This is the conclusion to our Name that ECG case: 66 year old female, resolved chest pain.
66 year old female, resolved chest pain.
Rhythm:
- Rate: atrial rate of ~55 bpm, ventricular rate of ~55 bpm
- Regularity: regular
- P-waves: sinus (upright in I and II), associated 1:1 with the QRS
- PRi: 140 ms
- QRS duration: 90 ms
Bonus points:
- Axis: -45 degrees, left axis deviation, LAFB
- Bundle Branches: normal conduction
- QTc: normal (<1/2 R-R interval), 420 ms (Bazett's Formula)
- ST/T-waves:
- T-waves: flipped T-waves in aVL, biphasic V2-V5 consistent with Wellen's Syndrome
- ST-elevation: none noted
- ST-depression: none noted
Differentials:
- Normal sinus rhythm in a patient with Wellen's Syndrome
- Possible high-grade stenosis of the LAD with recent reperfusion
Notes:
- Wellen's Syndrome should be regarded with the same importance as a STEMI during assessment and transport.
1 Comment
If you wanted to really push the limits of this ECG I also see inverted inverted U-waves in leads V2-V4, I, and aVL. They're super faint and I wasn't sure if I believed them at first, but measuring from the QRS to the U wave in III and aVF and transposing that interval to the other leads proves that it's really them.

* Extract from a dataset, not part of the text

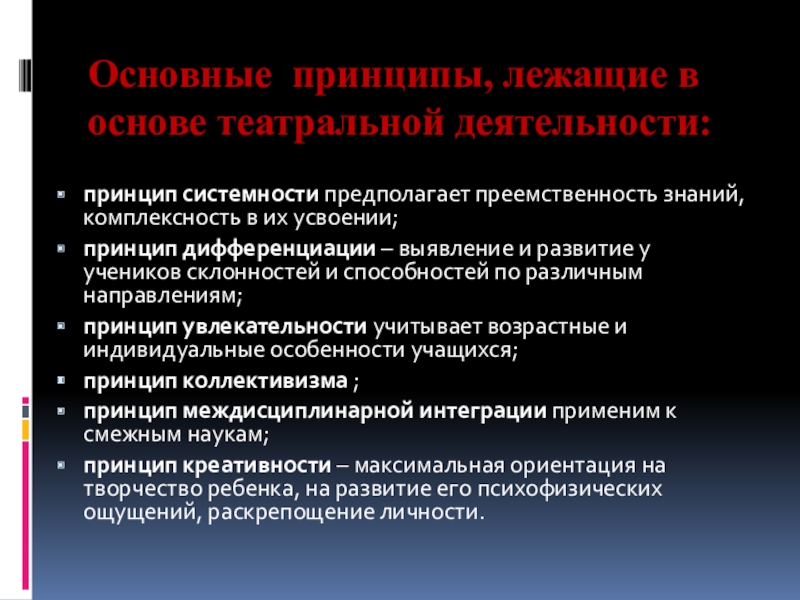 Слайд 10Основные принципы, лежащие в основе театральной деятельности:

They don't add any information the T-waves don't tell you here, but heck, they're there.
And now I'm really being a pain, but I think calling a LAFB is being a little generous to that LAD. By my eye I put the axis, at most, at around -40 degrees. There's also no well developed rS complexes in II and aVF and the tracing lack the poor R-wave progression I usually see in true LAFB's. There doesn't seem to be an accepted criteria for making the Dx, but this one seems to be pushing it.